Given data
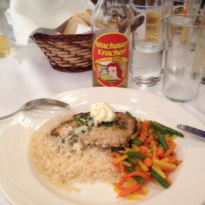 ・バスが遅れたこともあり、船の上で食事を済ませた。それなりに美味しいウィーン的な料理とワインが楽しめる。我々は、前述のように船尾での食事となってしまったが、これで上甲板の席が空いていれば、船旅はさらにすばらしかっただろう。(メルクに着いたら、遅れをとりもどすために、食事時間が削られるかと思ったが、そのようなことはなし)。
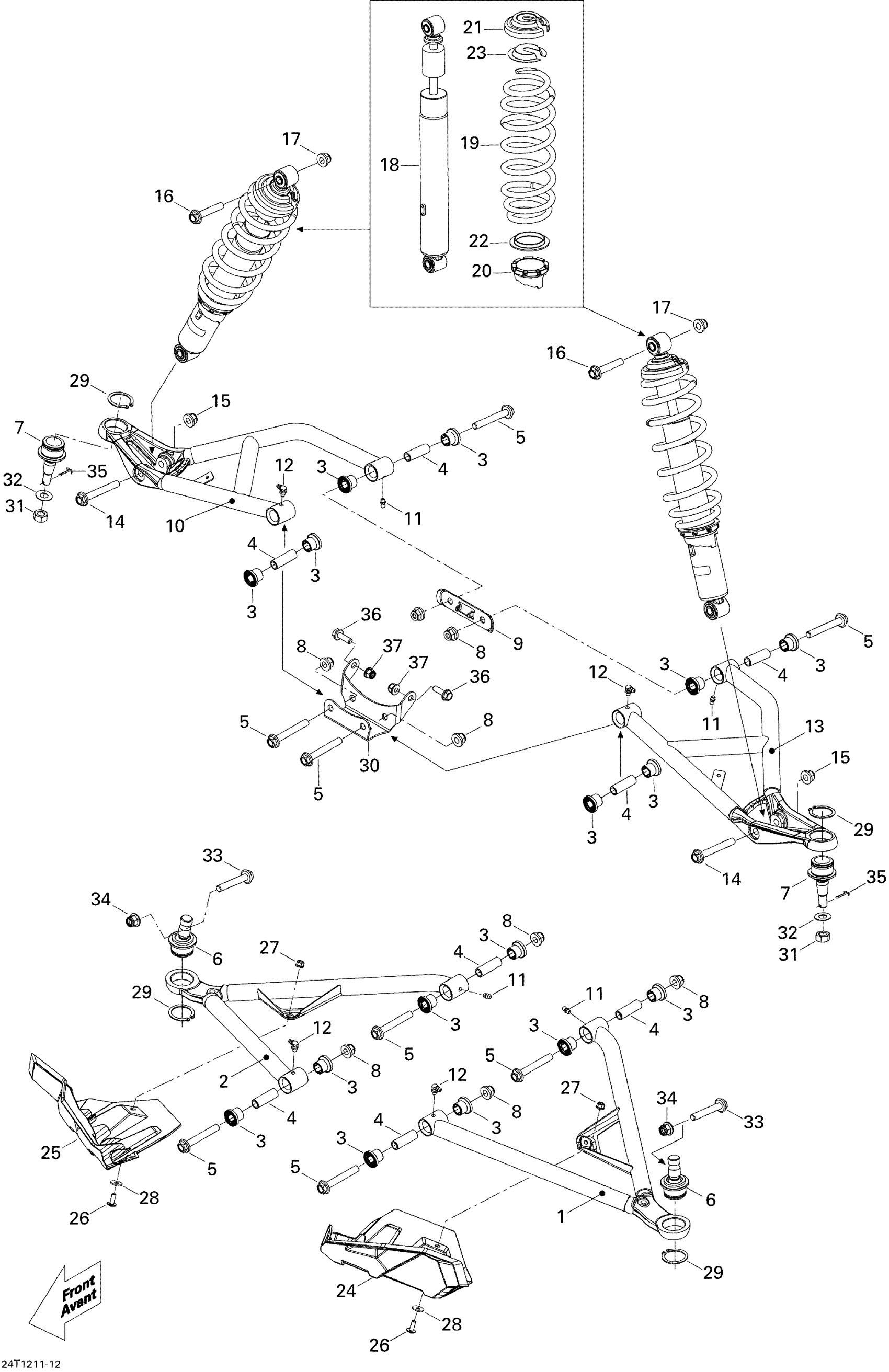 Can-Am Outlander STD, XT, 1000 EFI, 2012 Front Suspension Diagram
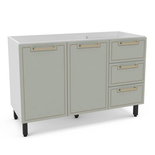 O Balcão de Cozinha Amara, da Politorno, sem tampo, reúne 2 portas e 3 gavetas para organizar utensílios e mantimentos com eficiência. Fabricado em MDP/MDF, combina robustez e acabamento sofisticado, enquanto a pintura FF/UV protege contra umidade e simplifica a limpeza diária. As gavetas, montadas em corrediças telescópicas, deslizam suavemente e abrem por completo, oferecendo acesso total ao conteúdo. Puxadores de alumínio acrescentam um toque de elegância e resistência, e o detalhe usinado nas frentes reforça o visual moderno, o móvel oferece amplo espaço interno sem comprometer a circulação, tornando-se estilosa para qualquer cozinha.

What is expected
Repeat the listing above exactly from its first line to the line containing "Can-Am Outlander STD, XT, 1000", both included, and omit the pictures.

Result for this task
 ・バスが遅れたこともあり、船の上で食事を済ませた。それなりに美味しいウィーン的な料理とワインが楽しめる。我々は、前述のように船尾での食事となってしまったが、これで上甲板の席が空いていれば、船旅はさらにすばらしかっただろう。(メルクに着いたら、遅れをとりもどすために、食事時間が削られるかと思ったが、そのようなことはなし)。
 Can-Am Outlander STD, XT, 1000 EFI, 2012 Front Suspension Diagram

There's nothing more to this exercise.